--- Raw data Enclosed Below ---

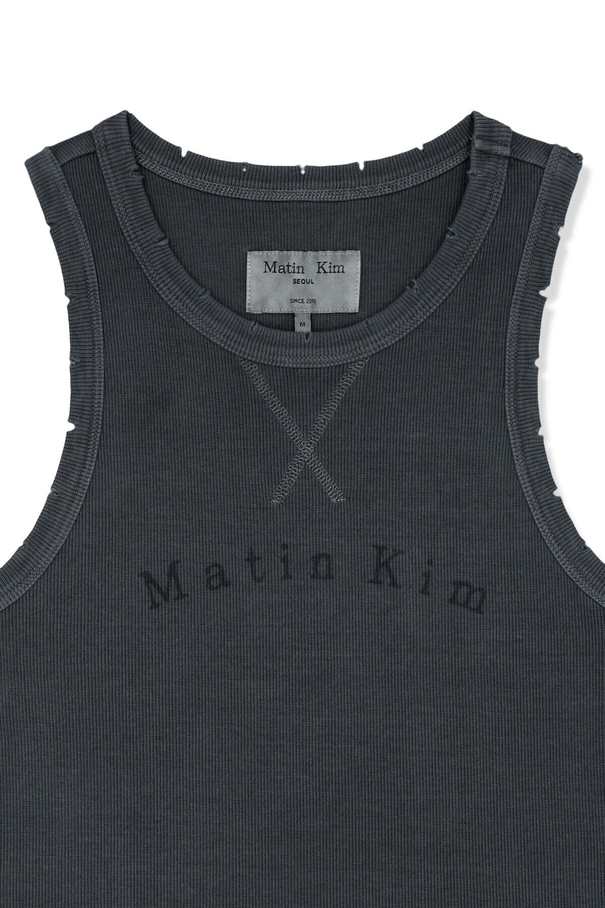 [Matin Kim] DISTRESSED SLEEVELESS LOGO TOP IN CHARCOAL 正規品 韓国ブランド 韓国通販 韓国代行 韓国ファッション マーティンキム matinkim 日本 店舗
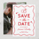 Delicie-se com o charme dos nossos cartões de casamento save the date caprichosos e desenhados à mão. Cada cartão é uma obra de arte com ilustrações divertidas de rabiscos vermelhos, bordas de fita, corações de amor e alianças de casamento. Desenhados em um fundo branco fresco e personalizados com sua foto, esses cartões são mais do que um anúncio – são o primeiro capítulo da sua história de casamento.
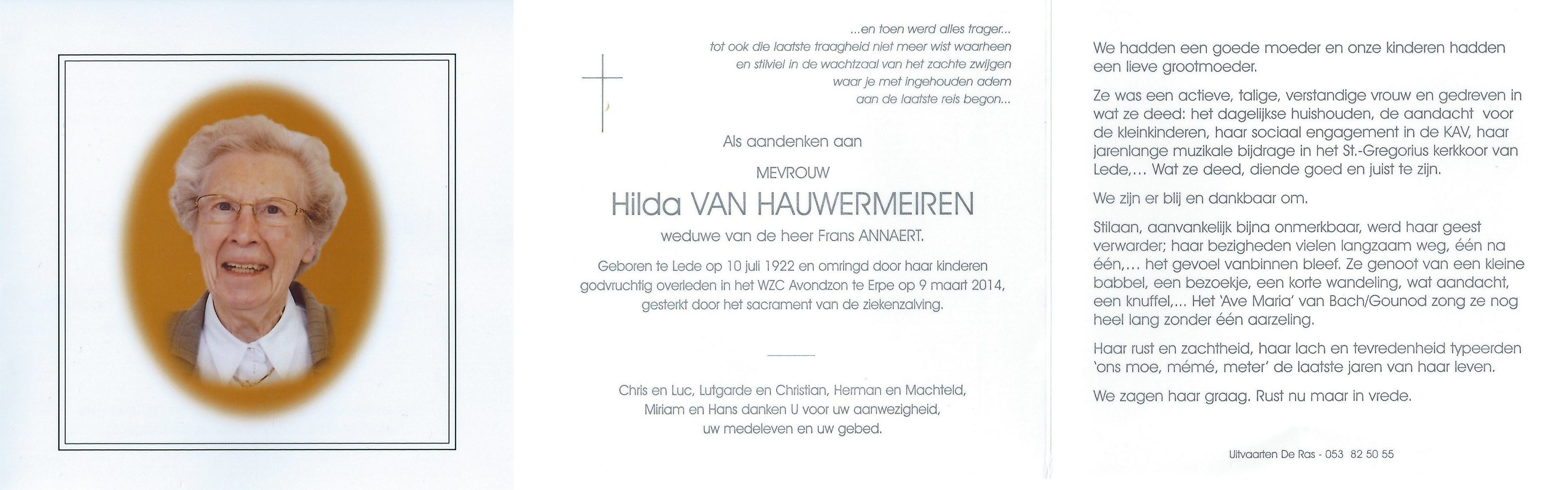 Hilda Julienne Van HauwermeirenLeeftijd: 91 jaar1922–2014
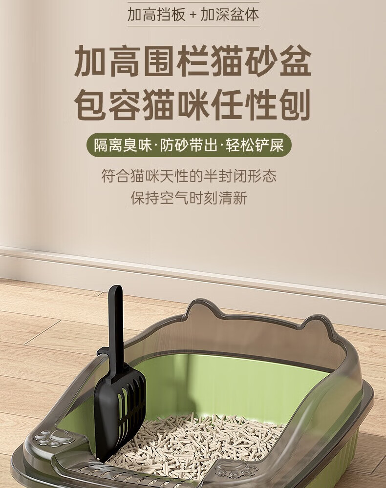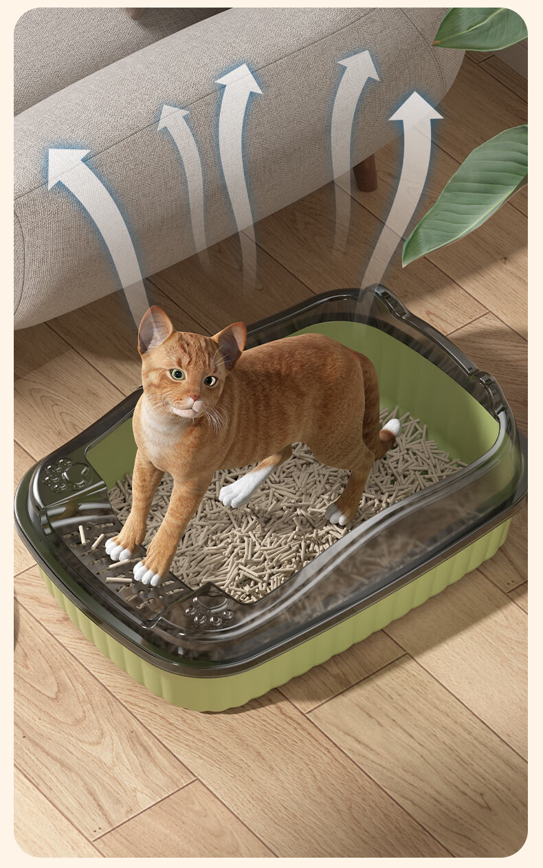 Luyou cat litter box extra large anti-splash extra large anti-odor waterproof semi-enclosed small storage rack fully open extra large gray cat litter box
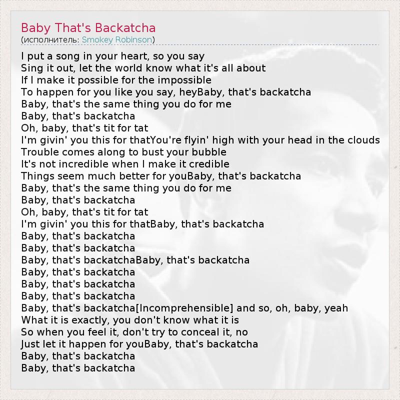 А как ты думаешь, о чем песня "Baby That's Backatcha" ?
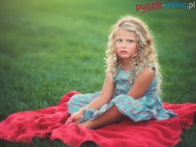 Trawa, Smutna, Dziewczynka, Kocyk, Spojrzenie
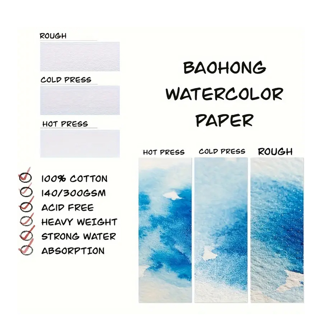 185, 200 et 300 g/m² (cold pressed), 270 g/m² (Snowy grain)
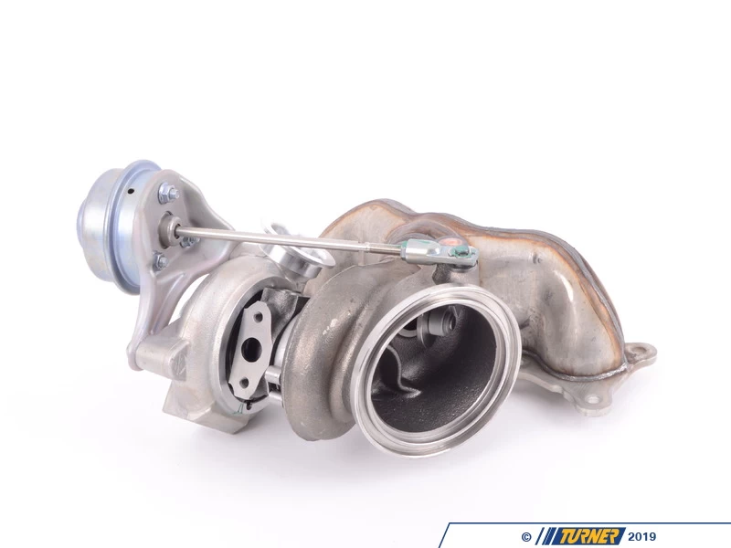 This is OEM replacement rear (bank 2)ย turbo assembly for the N54 engine in the 2007-2010 135/535. This is a new turbo from Mitsubishi, not a rebuilt unit. Mitsubishi is the original supplier to BMW for the N54 turbos. This is a complete assembly, including the manifold to the engine and the wastegage.ย It’s highly likely N54 turbos will have to be replaced before 100,000 miles. Signs of a failing turbo areย high oil consumption and blue smoke from exhaustย (not from aย leak or failing CCV system) because the internal oil seals are no longer retaining oil. Without critical lubrication and cooling effects from oil, the turbo shafts and bearings are usually the first to wear and that requires a complete rebuild. You might also see increased turbo lag or failure to hold boost, which is usually a sign of a failing wastegate or some other internal issue. With any internal problems the turbos need to be replaced. This is a new turbo so no core charge applies.
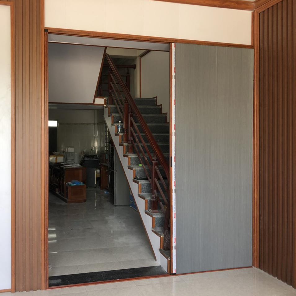 - Loại vách xếp tổ ong kéo về hai bên có hai cánh hai bên kéo như cửa thông thường. Loại này phù hợp với cửa có diện tích lớn. Chiều rộng tối đa dưới 5m.
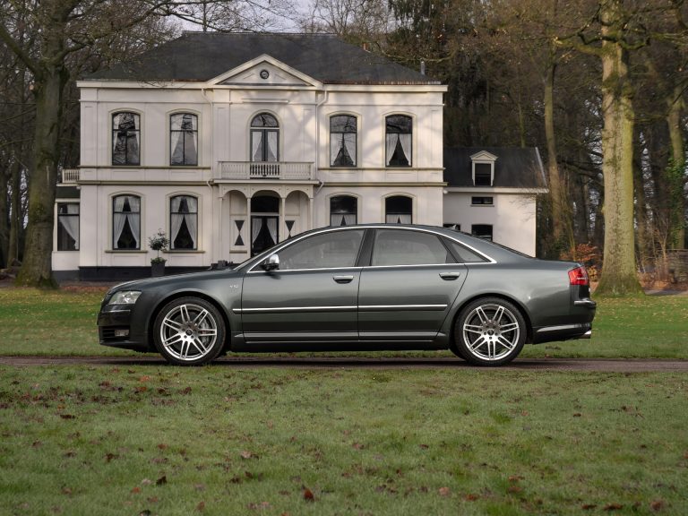 De 2e generatie Audi A8 is misschien wel de best gelukte ooit. Het concept is rond en strak, no-nonsense en vernieuwend tegelijk. De aluminium koets maakt zowel een slanke als een markante indruk dankzij de vele rechte lijnen. De Single Frame Grille beleefde zijn debuut op het faceliftmodel, en daar profiteert deze S8 ook van. Het exterieur is al die jaren mooi onverprutst gebleven en er is zichtbaar veel respect geweest voor het pretentieloze doch elegante design van de tijdloze topklasse Audi Limousine. Bumpers, wielen, sideskirts en natuurlijk de aluminiumkleurige buitenspiegels; het is allemaal typisch Audi Sport en onaangeroerd gebleven.Hetzelfde geldt voor de vele chromen sierlijsten die schitterend bij het Daytona Grey lakwerk afsteken, zoals dat hoort bij een classy 4-deurs sedan van deze stand. Kenners zien daarentegen wel iets anders aan de 2 dubbele uitlaten: de 4 eindstukken zijn recht in plaats van schuin afgesneden. Dit is het gevolg van de montage van een heuse Miltek sportuitlaat. Toegegeven: niet origineel af-fabriek, maar o zo nodig om de beleving van de V10 machine zo ongerept en puur mogelijk over te brengen. Wat ons betreft een absolute must dus!
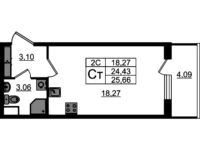 Квартира-студия на 2-ом этаже 24,43 кв.м
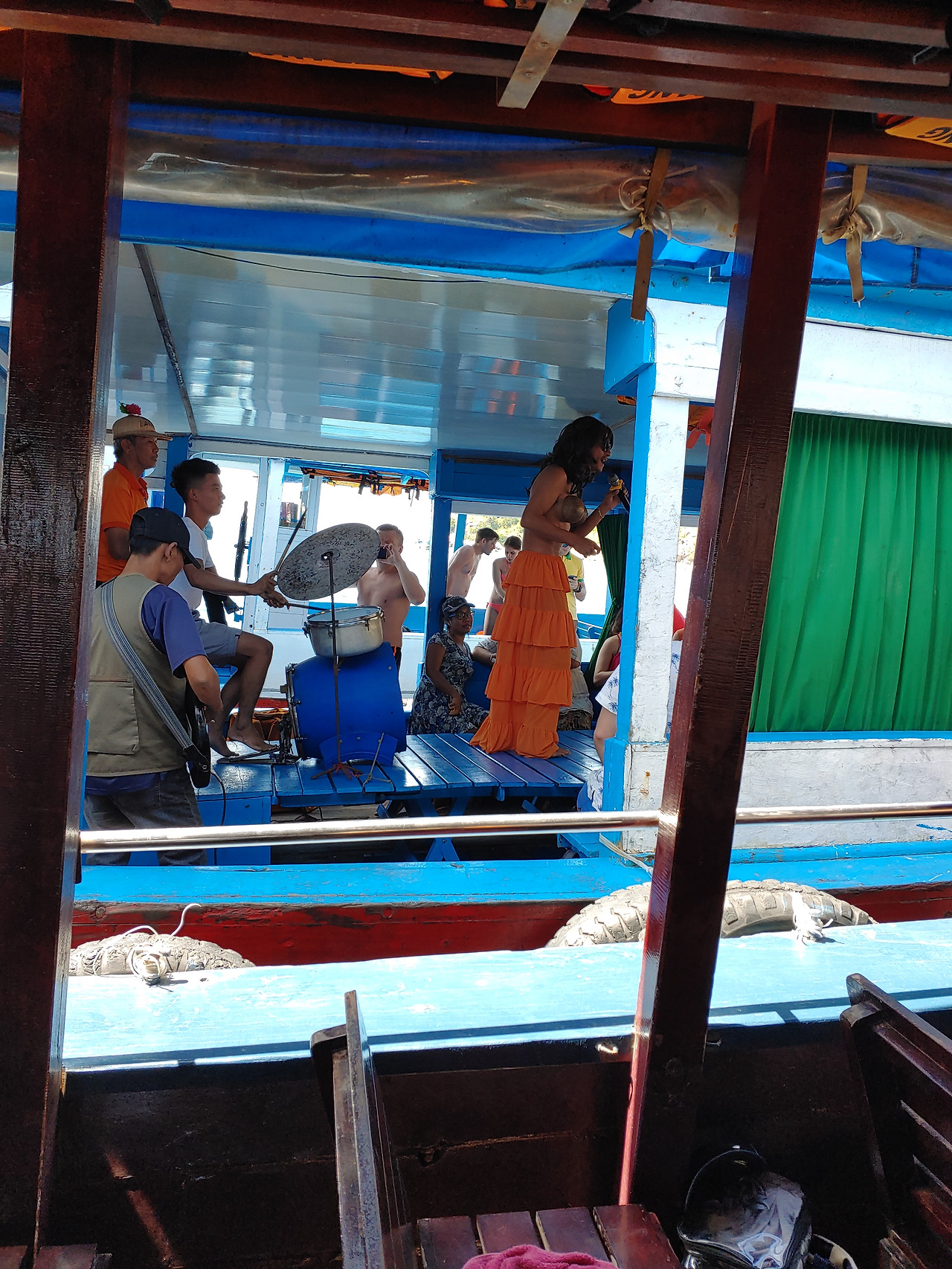 현지인들이 냄비 같은 드럼을 치면서 놀고 있었다.

--- End of Enclosed Raw data ---

**Requirement:** Leave out the images and write out the lines above exactly, from the one with "Trawa, Smutna, Dziewczynka, Kocyk, Spojrzenie" up to and including the one with "- Loại vách".

**Expected answer:**
 Trawa, Smutna, Dziewczynka, Kocyk, Spojrzenie
 185, 200 et 300 g/m² (cold pressed), 270 g/m² (Snowy grain)
 This is OEM replacement rear (bank 2)ย turbo assembly for the N54 engine in the 2007-2010 135/535. This is a new turbo from Mitsubishi, not a rebuilt unit. Mitsubishi is the original supplier to BMW for the N54 turbos. This is a complete assembly, including the manifold to the engine and the wastegage.ย It’s highly likely N54 turbos will have to be replaced before 100,000 miles. Signs of a failing turbo areย high oil consumption and blue smoke from exhaustย (not from aย leak or failing CCV system) because the internal oil seals are no longer retaining oil. Without critical lubrication and cooling effects from oil, the turbo shafts and bearings are usually the first to wear and that requires a complete rebuild. You might also see increased turbo lag or failure to hold boost, which is usually a sign of a failing wastegate or some other internal issue. With any internal problems the turbos need to be replaced. This is a new turbo so no core charge applies.
 - Loại vách xếp tổ ong kéo về hai bên có hai cánh hai bên kéo như cửa thông thường. Loại này phù hợp với cửa có diện tích lớn. Chiều rộng tối đa dưới 5m.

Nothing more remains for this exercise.